The next step was to remove the pistons from the compressor. In order to do so, you have to remove the inspection cover on the side of the compressor, and remove the lock nuts on the end of the connecting rod caps. I took this opportunity to clean out all of the old oil and sludge from the inside of the compressor. Quincy uses a mesh screen to keep any large contaminants out of the oil pump. Removing the connecting rod caps is easier said then done. First you need to rotate the crankshaft so that the crank throws are horizontal. Then you need to wedge a solid object, a bolt or socket underneath the connecting rod bolt, so that when the crankshaft is turned the bolt will push down on the solid object below, pushing the bolt through the top of the connecting rod. Once both of the connecting rod bolts are pushed through the top of the connecting rod, you will be able to remove the connecting rod cap and remove the connecting rod and piston from the cylinder. P1090173, P1090179 (EDIT CONNECTING ROD CAP), P1090180, P1090182

Quincy uses a pretty stout single plane crankshaft in their twin cylinder compressors, supported by Timken tapered roller bearing mains.

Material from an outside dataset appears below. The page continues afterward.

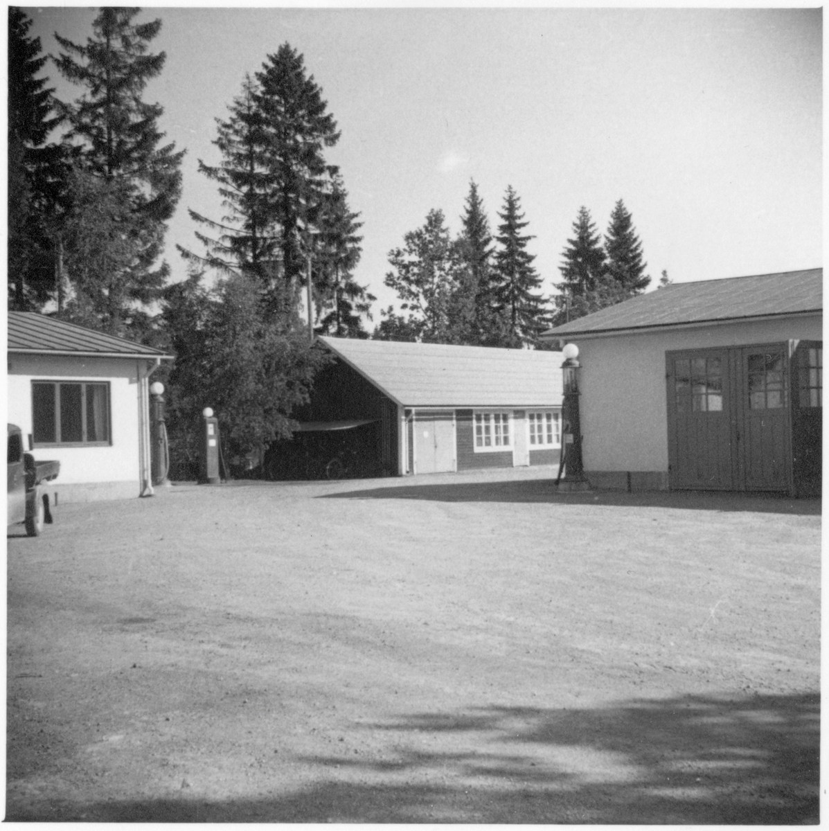 Vägstation G7, Ingelstad. Förrådsbyggnader och del av garagebyggnaden. Bensinpumpar (bränslepumpar). Del av liten lastbil, "paketbil" skymtar till vänster. Vid gaveln på en av förrådsbyggnaderna cykelställ med cyklar.

The crankpins were in fantastic shape, which is almost hard to believe considering the condition of the rest of the compressor. The cylinders on the other hand looked absolutely terrible. There was so much surface rust and evidence that the piston rings seized in their bores that it was amazing that this compressor still ran and compressed air just fine. P1090187, P1090188, P1090192

The pistons themselves looked good with exception of the crown on the rear piston. These pistons are cast steel and very heavy in all aspects. They have four ring grooves filled with eight rings. The upper two ring landings are each fit with a compression ring and a dished spring spacer, the third ring landing fit with a cast iron compression ring, and the lowest ring landing fit with two dished spring spacers and an oil expander. The additional dished spring spacers prevent the rings from turning in their bores, maintaining the stagger in the ring openings. This is a feature found in the legendary QR-25 series compressors, and is proven to help maintain consistent cylinder pressure over many thousands of hours of operation. Quincy also pins the wrist pin so that it cannot rotate in the bore of the piston. This forces the replaceable brass insert in the top of the connecting rod to handle all of the rotational stress. The connecting rods are heavy duty cast aluminum with replaceable copper jacketed bearings. Their is a hole drilled down the centerline of the connecting rod allowing pressurized oil to lubricate the small end connecting rod bearing. The replaceable copper jacketed large end rod bearings were in pretty decent shape considering how many hours were on this compressor. The silver bearing surface was only just starting to wear. P1090196, P1090201, P1090202, P1090200

The rings were in pretty decent shape despite the compressor having been seized up at some point in time. The ring landings were in nice shape, no chips or cracks to be found. The oil control rings were still doing a decent job scraping the walls of the cylinder, judging by the lack of carbon buildup on the skirts. The piston skirts were in really nice shape, there was no major scoring at all. P1090862, P1090865, P1090866, P1090868

Thankfully Quincy Compressor Co. lists parts and service manuals for most of their compressors on their website. I was able to download a parts manual for my model 230-32 compressor as well as an updated parts manual dated 1988. I compiled a list of parts that I wanted to replace; piston, rings, connecting rod bearings, discharge valve bodies, discharge valve seats, intake valve bumpers, intake and discharge valve discs and springs, discharge valve spacers, gaskets for the entire compressor and a few replacement cylinder head bolts. At the time, I did not know of any compressor shops on Long Island. I had searched for all of these parts online from retailers such as ecompressedair, industrialairpower and ebay. I was able to find genuine piston rings and new oil pressure gauges on ebay, but the rest of the parts had to be found elsewhere. I found the remainder of the parts online from Industrial Air Power and proceeded to make an order through them. The purchase was made on 7/10/2015 and I did not receive any of the parts until 8/06/2015 nearly a full month after the order was placed. Not only did I have to wait a month to receive the parts that I ordered, but the parts which arrived were damaged! Half of my order vanished through the postal system because they packaged my parts in a used box without sealing the edges. The parts which did arrive were not the “genuine” parts that they listed on their website, but cheap aftermarket parts at full retail price. I was infuriated, emails and phone calls to the company went unanswered, and they were giving me the good old fashioned round around. I had to go through my credit card company to pressure Industrial Air Power to refund my account. I did not receive a refund until 8/21/2015. I posted my experience with Industrial Air Power on google reviews and the BBB, and almost a year later, in May of 2016 I received a letter from their attorney about my negative reviews of the company. They threatened me to the point that I had to pull my reviews. Talk about a company you want to do business with! It should be against the law to be able to buy your way out of criminal acts.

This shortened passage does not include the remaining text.